Gerakan Angkatan Muda Kristen Indonesia (GAMKI) menilai pernyataan Panglima Komando Strategis Angkatan Darat (Pangkostrad), Letnan Jenderal TNI Dudung Abdurachman di hadapan para prajurit TNI di Bandung, Jawa Barat harus dilihat secara holistik dan ditempatkan dalam konteks yang tepat.
GAMKI menyatakan konteks pernyataan Letjen Dudung dalam kunjungan ke Batalyon Zipur 9 Kostrad, Ujungberung, Jawa Barat merupakan arahan dan nasehat Pangkostrad kepada para prajurit TNI yang memiliki latar belakang agama yang beragam.
“Sebagai salah satu pimpinan TNI AD, kami melihat bahwa pernyataan Letjen Dudung merupakan bentuk pembekalan bagi para prajurit dengan arahan-arahan kebangsaan yang berlandaskan pada nilai-nilai Pancasila. TNI sebagai alat pertahanan negara harus berdiri di atas semua golongan dalam membela Tanah Air dan melindungi setiap anak bangsa seperti yang tertuang dalam Sumpah Prajurit dan Sapta Marga TNI,” kata Sahat Martin Philip Sinurat, Sekretaris Umum Dewan Pimpinan Pusat (DPP) GAMKI dalam keterangan tertulisnya, Rabu, September 2021.
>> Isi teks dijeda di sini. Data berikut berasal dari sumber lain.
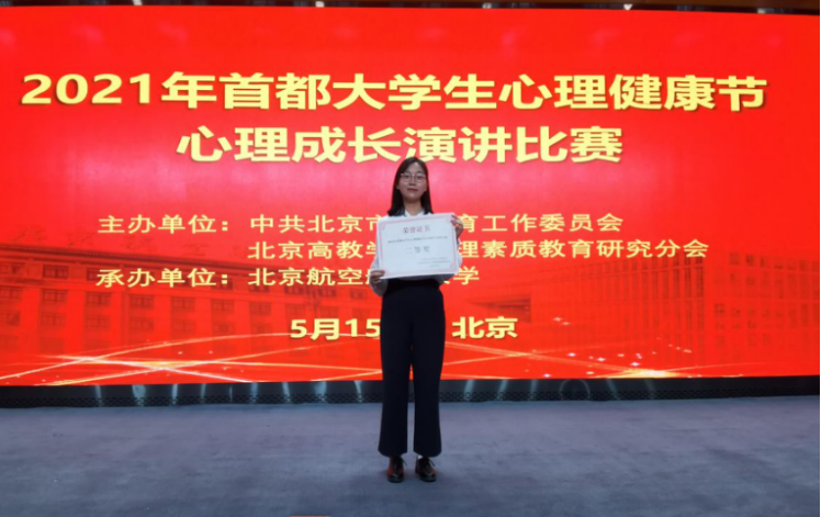 2021年5月15日下午,首都高校老员工心理健康节心理成长演讲比赛决赛于北京航空航天大学如期举行,伟德国际bevictor1946毛婷同学代表伟德源自英国始于1946参赛并荣获一等奖。

Menurut Sahat, fanatisme agama yang berlebihan dapat menyebabkan perpecahan antar umat beragama, yang kemudian dapat berlanjut pada konflik horizontal yang bisa saja mengakibatkan terjadinya disintegrasi bangsa.
“Sehingga dalam konteks kehidupan berbangsa dan bernegara, TNI harus melindungi seluruh anak bangsa tanpa membeda-bedakan agama, suku, dan golongan,” lanjutnya.
Menyikapi adanya polemik dan kontroversi yang ditimbulkan dari pernyataan Letjen TNI Dudung Abdurachman, GAMKI mengharapkan semua pihak untuk dapat melihat konteks dan tujuan sebenarnya dari pernyataan mantan Pangdam Jaya tersebut.
“Letjend Dudung tidak sedang membanding-bandingkan agama, karena dalam konteks kehidupan berbangsa dan bernegara, kebenaran ajaran dan dogma semua agama tidak perlu diperdebatkan. Namun bagaimana mengimplementasikan nilai-nilai agama untuk membangun negara dan bangsa Indonesia, ini yang harus menjadi fokus utama kita,” katanya.
Sahat mengajak semua elemen masyarakat untuk bersatu dan bergotong-royong dengan berlandaskan pada nilai-nilai Pancasila, khususnya dalam menangani pandemi Covid-19.
“Sila pertama Pancasila menyatakan Ketuhanan Yang Maha Esa, kemudian Indonesia juga mengakui enam agama dan juga penghayat kepercayaan. Artinya negara tidak membeda-bedakan agama, dan agama pada hakekatnya mengajarkan tentang kebaikan, keadilan, dan kedamaian. Mari kita bergotong-royong mengarustamakan nilai-nilai kebaikan dalam agama kita masing-masing demi kesejahteraan dan kedamaian seluruh rakyat Indonesia,” pungkasnya.